Riley’s ECMO program, which was started in 1987, counts more than 1,300 patients in its records. Mila was No. 1,307.
“The Riley ECMO team is really phenomenal,” Dr. Friedman said. “We all work in concert to make sure we deliver the best care. Every year we get better.”
What sets Riley’s program apart is the people, Dr. Gray said.
“We have a team of highly trained nurses, physicians and providers who take care of these patients. We use simulation, we have an ECMO series of lectures to teach trainees how to take care of these patients, and after every patient, we have a debrief session. We are always training so that when a patient like Mila comes in, the team is ready.”
After Mila’s lungs healed, she still had to relearn to walk and talk in Riley’s inpatient rehab unit.
And now she’s back – in a big way.

On Monday, Bayles and his wife, Nicki Nguyen, along with Mila and her sister Meadow gathered in the ECMO simulation room at Riley to share their story and their gratitude for the Riley team.
Joining them were Drs. Gray and Friedman, as well as Kristina Cast, registered nurse and ECMO clinical specialty coordinator.

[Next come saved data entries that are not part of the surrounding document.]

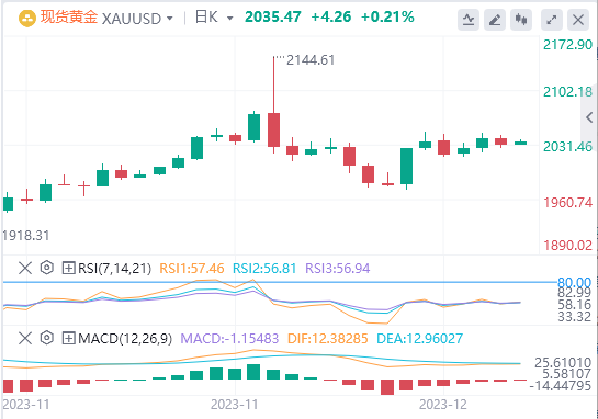 受美元走软和美国国债收益率下降的推动,黄金价格周四小幅走高。这一增长正值交易员热切期待美国经济数据,以深入了解美联储即将做出的货币政策决定之际。美元兑竞争对手下跌0.1%,这使得其他货币的持有者更容易获得黄金。由于即将到来的漫长的圣诞节假期周末,预计成交量将保持清淡。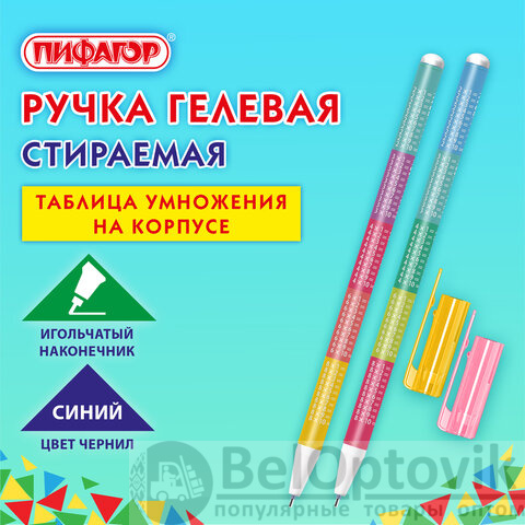 Ручка стираемая гелевая ПИФАГОР "ТАБЛИЦА УМНОЖЕНИЯ", СИНЯЯ, корпус ассорти, игольчатый наконечник 0,5 мм, линия 0,35 мм, 144417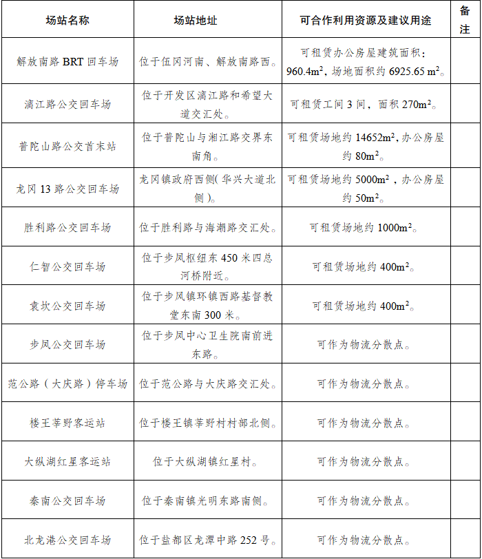 市公交公司尋求場站意向合作伙伴

As Mila squirmed on his lap, Bayles choked up several times, recalling those early days at Riley when things were so uncertain.
“The news kept getting worse, but you can’t look at it that way,” he said, adding that he continued to find confidence in the care team even as they prepared the family for possible complications during the ECMO process. Luckily, there were none.
When his daughter started rehab, Bayles said, she couldn’t walk or talk, “but you could see how much she wanted to. It was still all right there.”

He remembers when she held her head up for the first time, when she first opened her eyes, and when she grabbed his ear – one of her trademark moves. He knew she was OK.
On Feb. 28, eight weeks after she was admitted to the hospital, Mila rang the bell and pinned her butterfly to the wall in rehab, then walked with her parents to the PICU to tell the team how grateful they were.
“I am so thankful Riley Hospital is in our backyard because I don’t know if she would be here if they weren’t,” Bayles said.
As he watched Mila prance around the simulation room, Dr. Friedman couldn’t help but feel pride in the Riley ECMO team.
“This is why we do this,” he said. “Not every patient survives, and not every patient comes back in walking, talking and laughing like Mila is able to do, but these are the outcomes we hope for and strive for with all the hours we put in. To see her come back like this is the most rewarding thing I see in my job.”